Le choc provoqué par la ruée mondiale vers l’intelligence artificielle ne se limite plus aux GPU ou aux serveurs. La pénurie frappe désormais de plein fouet un marché beaucoup plus concret pour les photographes, vidéastes et créateurs de contenu : celui des cartes mémoire. Sony a en effet décidé de suspendre au Japon les commandes de la quasi-totalité de ses cartes SD et CFexpress, conséquence directe d’une tension historique sur la mémoire flash NAND, devenue une ressource stratégique pour les centres de données et les infrastructures IA.
Une suspension massive qui touche presque tout le catalogue
La décision annoncée par Sony concerne l’essentiel de ses références grand public et professionnelles. Les cartes CFexpress Type A de plusieurs capacités, certaines CFexpress Type B ainsi que pratiquement toute la gamme de cartes SD sont concernées, y compris des modèles prisés pour les usages photo et vidéo exigeants. Seules quelques références restent encore commandables, signe que la pression sur l’approvisionnement n’est plus marginale, mais structurelle.

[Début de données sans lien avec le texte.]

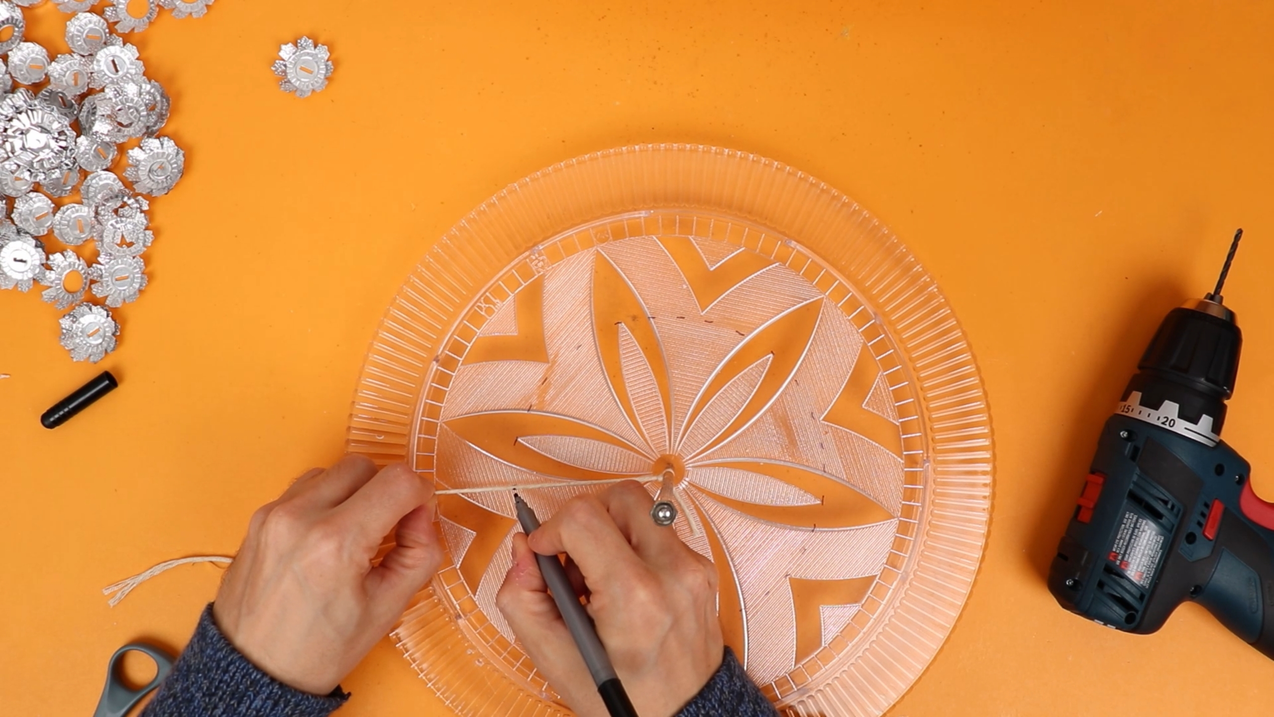 Next, I drilled a 3mm hole in the center, and then stole our cat's toy string to mark three concentric circles:

Le groupe évoque officiellement une pénurie mondiale de semi-conducteurs liés à la mémoire, ainsi que d’autres facteurs pesant sur la chaîne d’approvisionnement. En réalité, l’arbitrage industriel est devenu brutal : une partie croissante de la production de NAND est désormais absorbée par les SSD destinés aux serveurs IA, un segment où les volumes et surtout les marges dépassent largement ceux des cartes mémoire classiques.
L’IA capte les composants, les prix s’envolent
Avec la multiplication des data centers dédiés à l’entraînement et à l’inférence des modèles d’IA, les fabricants de mémoire réorientent leurs capacités vers les produits les plus rentables ce qui crée mécaniquement de la pénurie sur d’autres catégorie d’appareils. Résultat : les composants utilisés dans l’électronique grand public deviennent plus rares, plus chers et parfois tout simplement indisponibles.

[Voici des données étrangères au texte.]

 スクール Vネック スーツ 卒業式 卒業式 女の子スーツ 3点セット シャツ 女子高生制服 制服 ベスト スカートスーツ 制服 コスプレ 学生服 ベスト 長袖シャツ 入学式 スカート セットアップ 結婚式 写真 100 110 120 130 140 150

Une hausse spectaculaire de la DRAM et de la NAND
Les chiffres récents donnent toute la mesure du niveau de tension actuel. Au premier trimestre 2026, les prix contractuels de la DRAM ont bondi de façon spectaculaire, tandis que ceux de la NAND flash ont eux aussi fortement progressé en seulement quelques mois. Cette flambée pèse sur l’ensemble de l’écosystème, des fabricants de SSD jusqu’aux constructeurs de cartes mémoire, en passant par les marques d’accessoires et de stockage externe.
Pour les utilisateurs, la conséquence est immédiate : moins de disponibilité, des délais plus longs et une probable poursuite de la hausse tarifaire sur les supports de stockage amovibles. Sony devient ainsi l’un des premiers grands industriels à acter publiquement ce déséquilibre en gelant ses commandes, mais il pourrait ne pas rester seul très longtemps. Autant dire que si ces tensions persistent, photographes, vidéastes et fabricants pourraient bien découvrir que l’âge d’or de la mémoire abordable appartient déjà au passé.